Analysis of Work-Stealing and Parallel Cache Complexity
Yan Gu, Zachary Napier, Yihan Sun

TL;DR
This paper simplifies the analysis of the randomized work-stealing scheduler for educational purposes and introduces new parallel cache complexity bounds that improve upon previous results, especially for high-span algorithms.
Contribution
It provides an easy-to-understand analysis of the RWS scheduler and establishes new parallel cache complexity bounds decoupled from span, advancing theoretical understanding.
Findings
Simplified analysis of RWS scheduler without potential functions
New parallel cache bounds that are near optimal
Improved bounds for classic algorithms in parallel cache complexity
Abstract
Parallelism has become extremely popular over the past decade, and there have been a lot of new parallel algorithms and software. The randomized work-stealing (RWS) scheduler plays a crucial role in this ecosystem.
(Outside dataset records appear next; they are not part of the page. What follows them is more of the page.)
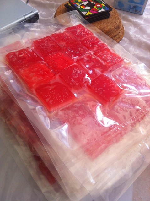 The watermelon was sliced to 1/4″ thickness and cut into squares. The squares are then arranged in vacuum chamber pouches and sealed on high with 1.5 Tbsp of liquid of your choice. (In this case, lime and ginger syrup)
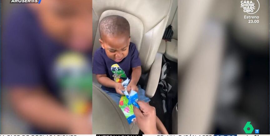 Como se ve en el vídeo sobre estas líneas, el pequeño se toma un berrinche y comienza a gritar mientras, enfurecido, no deja que su padre le quite la bolsa que sujeta entre las manos. "Hace todo el esfuerzo posible, incluso pega manotazos para que no le quite la bolsa, ¡vara cara pone!", alucina Hans Arús.
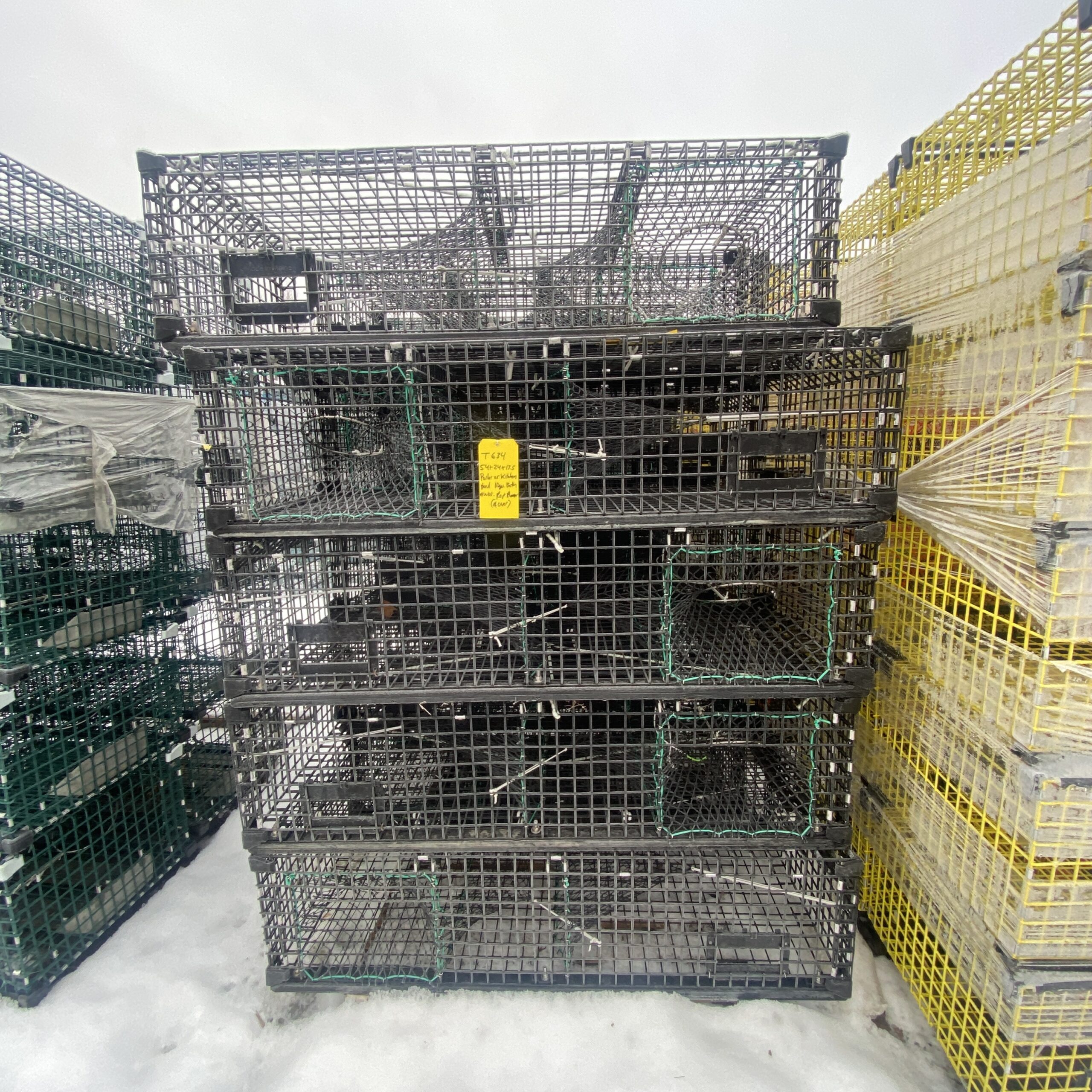 50 – 54″x24″x13.5″ Black Aquamesh wire. 10ga both ends and bridges. Hoop Sides with Hake Mouth Center and Rear heads. Rap rubber coated weighted runners. These traps are setup to haul from either end.

In this paper, we study two important topics related to the randomized work-stealing scheduler. Our first contribution is a simplified, classroom-ready version of analysis for the RWS scheduler. The theoretical efficiency of the RWS scheduler has been analyzed for a variety of settings, but most of them are quite complicated. In this paper, we show a new analysis, which we believe is easy to understand, and can be especially useful in education. We avoid using the potential function in the analysis, and we assume a highly asynchronous setting, which is more realistic for today's parallel machines. Our second and main contribution is some new parallel cache complexity for…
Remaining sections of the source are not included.